- About this exercise
I'd like every line from the material below that has "your" in it.

- Material provided
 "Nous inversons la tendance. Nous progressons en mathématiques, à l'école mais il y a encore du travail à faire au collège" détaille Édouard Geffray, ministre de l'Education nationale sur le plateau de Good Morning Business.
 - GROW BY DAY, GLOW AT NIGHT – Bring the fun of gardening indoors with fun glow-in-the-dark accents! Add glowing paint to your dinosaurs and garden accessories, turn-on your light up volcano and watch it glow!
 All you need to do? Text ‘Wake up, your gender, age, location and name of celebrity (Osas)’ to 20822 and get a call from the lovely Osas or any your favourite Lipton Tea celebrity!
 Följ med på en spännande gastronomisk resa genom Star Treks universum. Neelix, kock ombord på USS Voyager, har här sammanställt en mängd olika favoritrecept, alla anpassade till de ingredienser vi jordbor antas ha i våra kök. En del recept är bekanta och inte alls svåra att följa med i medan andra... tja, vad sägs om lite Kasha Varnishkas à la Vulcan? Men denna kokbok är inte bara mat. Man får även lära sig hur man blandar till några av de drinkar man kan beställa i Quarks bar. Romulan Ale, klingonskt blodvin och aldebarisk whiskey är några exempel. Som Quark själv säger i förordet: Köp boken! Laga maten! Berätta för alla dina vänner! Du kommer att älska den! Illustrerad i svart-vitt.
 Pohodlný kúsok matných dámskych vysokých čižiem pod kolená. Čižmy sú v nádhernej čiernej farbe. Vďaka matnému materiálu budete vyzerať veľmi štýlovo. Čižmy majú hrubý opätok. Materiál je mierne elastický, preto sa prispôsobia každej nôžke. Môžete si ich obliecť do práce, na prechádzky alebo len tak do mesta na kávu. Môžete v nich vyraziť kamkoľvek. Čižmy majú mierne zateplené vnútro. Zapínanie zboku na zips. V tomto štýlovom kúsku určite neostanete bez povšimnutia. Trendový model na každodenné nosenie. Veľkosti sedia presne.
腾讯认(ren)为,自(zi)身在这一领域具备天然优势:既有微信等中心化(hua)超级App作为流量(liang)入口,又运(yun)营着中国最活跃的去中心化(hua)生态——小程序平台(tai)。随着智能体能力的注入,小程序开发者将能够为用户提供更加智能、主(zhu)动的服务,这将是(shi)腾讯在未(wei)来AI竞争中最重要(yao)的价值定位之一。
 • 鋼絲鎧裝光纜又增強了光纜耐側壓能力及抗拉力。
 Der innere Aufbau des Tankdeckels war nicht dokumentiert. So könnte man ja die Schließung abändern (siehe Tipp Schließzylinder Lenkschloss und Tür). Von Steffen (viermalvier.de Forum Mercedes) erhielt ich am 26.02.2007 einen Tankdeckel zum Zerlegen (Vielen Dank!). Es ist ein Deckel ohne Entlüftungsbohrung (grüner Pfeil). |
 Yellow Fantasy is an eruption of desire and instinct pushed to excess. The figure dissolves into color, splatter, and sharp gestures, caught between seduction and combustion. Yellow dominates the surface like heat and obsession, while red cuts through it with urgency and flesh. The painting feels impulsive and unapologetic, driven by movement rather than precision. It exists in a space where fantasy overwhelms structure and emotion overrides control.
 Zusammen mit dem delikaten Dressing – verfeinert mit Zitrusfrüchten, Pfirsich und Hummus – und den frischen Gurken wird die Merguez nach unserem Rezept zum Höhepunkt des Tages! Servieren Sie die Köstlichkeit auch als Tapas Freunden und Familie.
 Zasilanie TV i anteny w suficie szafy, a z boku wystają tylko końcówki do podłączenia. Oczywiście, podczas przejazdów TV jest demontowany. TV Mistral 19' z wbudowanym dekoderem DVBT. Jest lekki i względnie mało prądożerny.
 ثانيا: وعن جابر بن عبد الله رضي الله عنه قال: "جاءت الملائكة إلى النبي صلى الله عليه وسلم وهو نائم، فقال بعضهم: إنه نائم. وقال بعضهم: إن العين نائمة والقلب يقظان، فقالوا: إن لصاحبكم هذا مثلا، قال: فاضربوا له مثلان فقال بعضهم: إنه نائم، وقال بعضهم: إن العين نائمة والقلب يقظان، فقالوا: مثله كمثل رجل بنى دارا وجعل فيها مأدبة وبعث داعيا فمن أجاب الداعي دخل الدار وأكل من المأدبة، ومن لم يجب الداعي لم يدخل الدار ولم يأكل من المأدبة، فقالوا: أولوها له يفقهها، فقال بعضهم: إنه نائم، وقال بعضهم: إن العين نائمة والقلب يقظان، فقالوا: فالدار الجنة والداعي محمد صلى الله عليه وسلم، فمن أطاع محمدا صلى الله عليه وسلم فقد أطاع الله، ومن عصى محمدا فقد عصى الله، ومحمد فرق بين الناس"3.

- Answer to the problem
 - GROW BY DAY, GLOW AT NIGHT – Bring the fun of gardening indoors with fun glow-in-the-dark accents! Add glowing paint to your dinosaurs and garden accessories, turn-on your light up volcano and watch it glow!
 All you need to do? Text ‘Wake up, your gender, age, location and name of celebrity (Osas)’ to 20822 and get a call from the lovely Osas or any your favourite Lipton Tea celebrity!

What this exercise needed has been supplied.